== Work to be completed ==
Skipping any pictures, repeat exactly and only the lines from the one that holds "(a) CV curves" to the last line of the material, both included.

== Supplied material ==

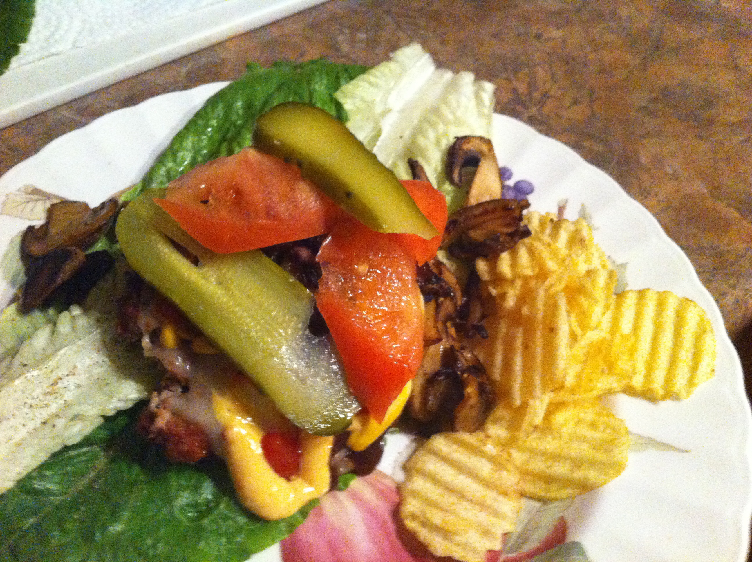 Grilled burgers, direct @400.melted some provolone on the burgers. Off the grill and onto lettuce. Buried the burger with mushrooms,tomatoes, and pickles. Couldn't see the burger but it was there. Kind of crappy plate shot. Tasted great.
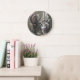 Vintage Grandma Teaching Kitting to Granddaughter Large Clock
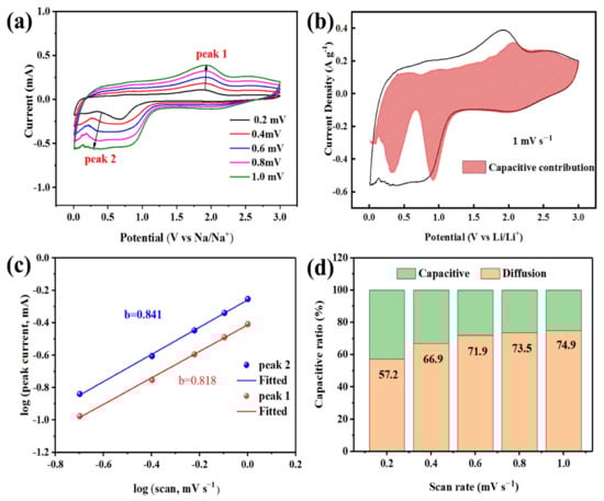 (a) CV curves at different scan rates, (b) CV curve with capacitive contribution shaded area at scan rate of 0.2 msV s−1, (c) the b value graph, and (d) the contribution rate of capacitance.
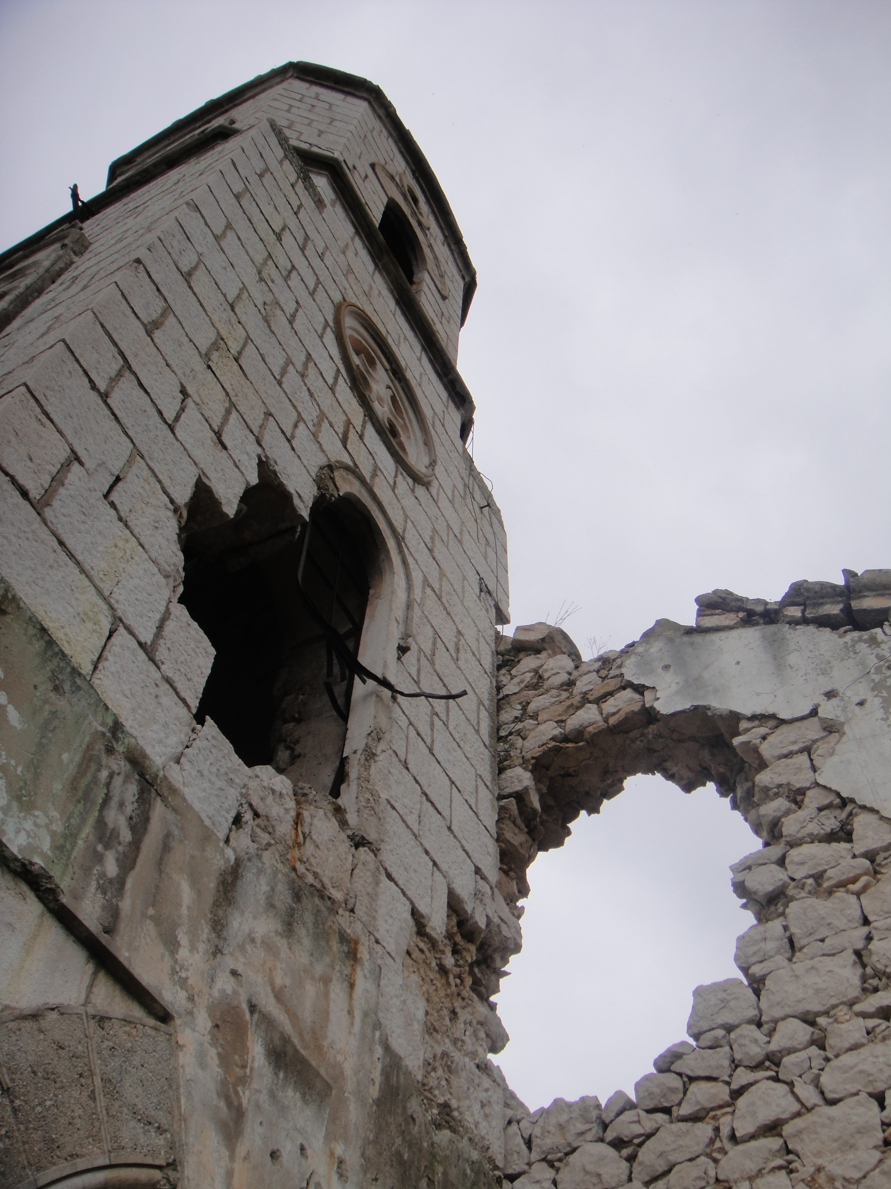 It looks like an anti-tank rocket or artillery smacked into this church tower, so perhaps a sniper was holed up in here:

== Output for this task ==
 (a) CV curves at different scan rates, (b) CV curve with capacitive contribution shaded area at scan rate of 0.2 msV s−1, (c) the b value graph, and (d) the contribution rate of capacitance.
 It looks like an anti-tank rocket or artillery smacked into this church tower, so perhaps a sniper was holed up in here:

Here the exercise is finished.